You can use it to roast vegetables, for example. Unlike olive oil, vegetables roasted in lard are not soggy or greasy. They stay crisp and almost dry, with a wonderful flavor.
This surprises people because they think that lard is "greasy." It's not that greasy actually. One tablespoon of lard has approximately 6g of MFA, 5g of SFA, and 1.6g of PUFA.
If you've never had duck fat fried or roasted potatoes, you haven't had French fries. Literally. Duck fat was what people in Europe used to make the original French fries before industrial seed oils came along.
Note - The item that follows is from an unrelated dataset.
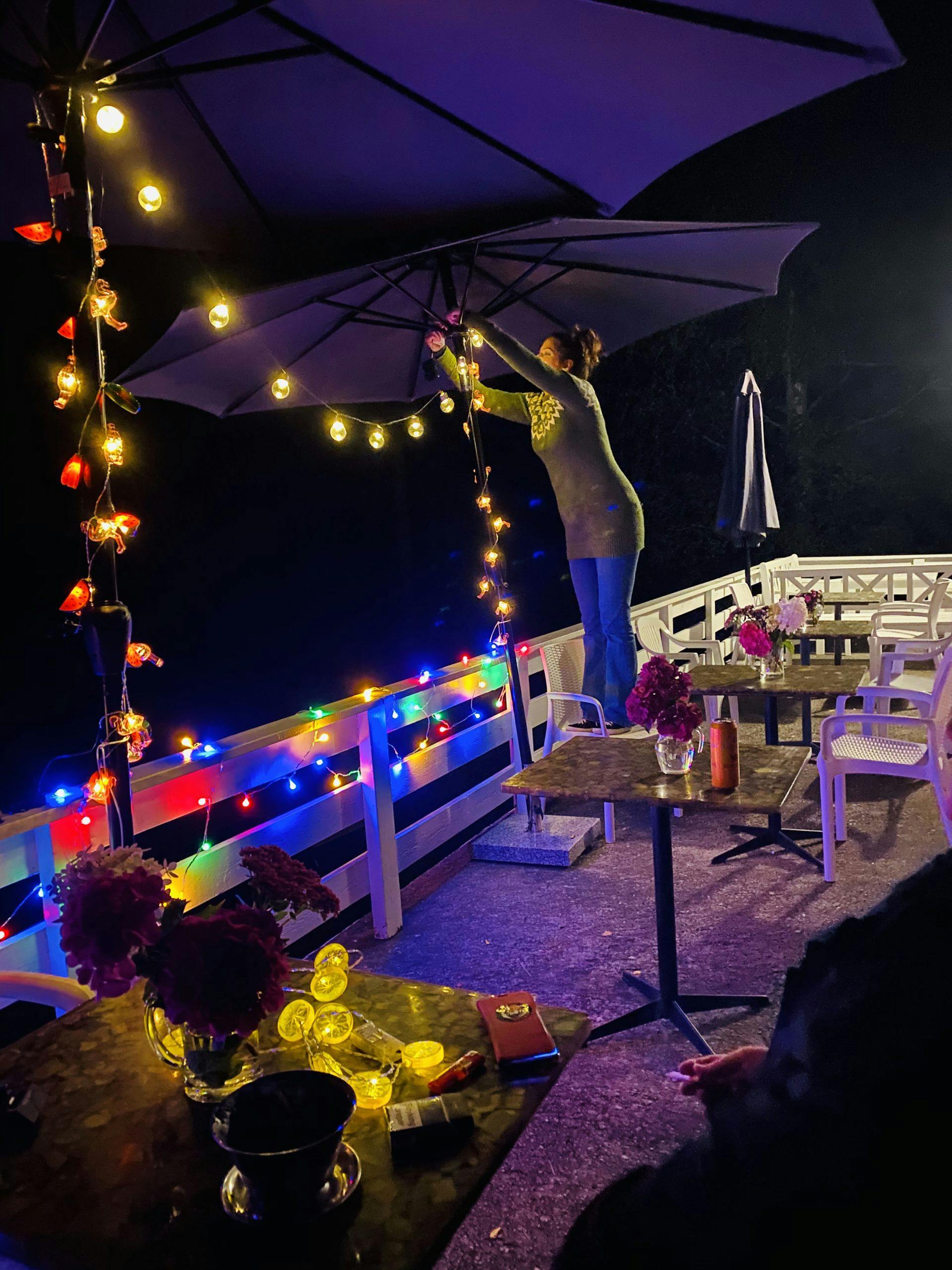 Etter endt fest var det ikke tvil i vår sjel. Vi måtte bare lage feriekoloni for voksne damer sommeren 2021. Vi kastet oss over alle de gode Grimstad-kontaktene vi har, og fikk Michael Valborgland, tidligere kjøkkensjef for Flying Culinary Circus, med bakgrunn fra både Statholdergaarden og Plah, til å sette sammen to fantastiske menyer basert på lokale råvarer, sammen med makker Ole Fredrik Ommundsen, som han blant annet har drevet Groos Sommerrestaurant i Grimstad med.

Once you taste the potatoes, or any vegetables, roasted or fried in duck fat, you will know why. One tablespoon of duck fat has 6g of MFA, 4g of LCSFA, and 1.6g of PUFA.
Butter or shortening has a lower smoke point than the fats listed above, making it less suitable for high heat cooking. However, it is an excellent fat to use on fish or meat in the oven, or in stews or foods simmered at lower temperatures.
Butter makes everything better. One tablespoon of butter contains 7.2 g of SFA, 2.9 g of MFA and 0.4 g of PUFA.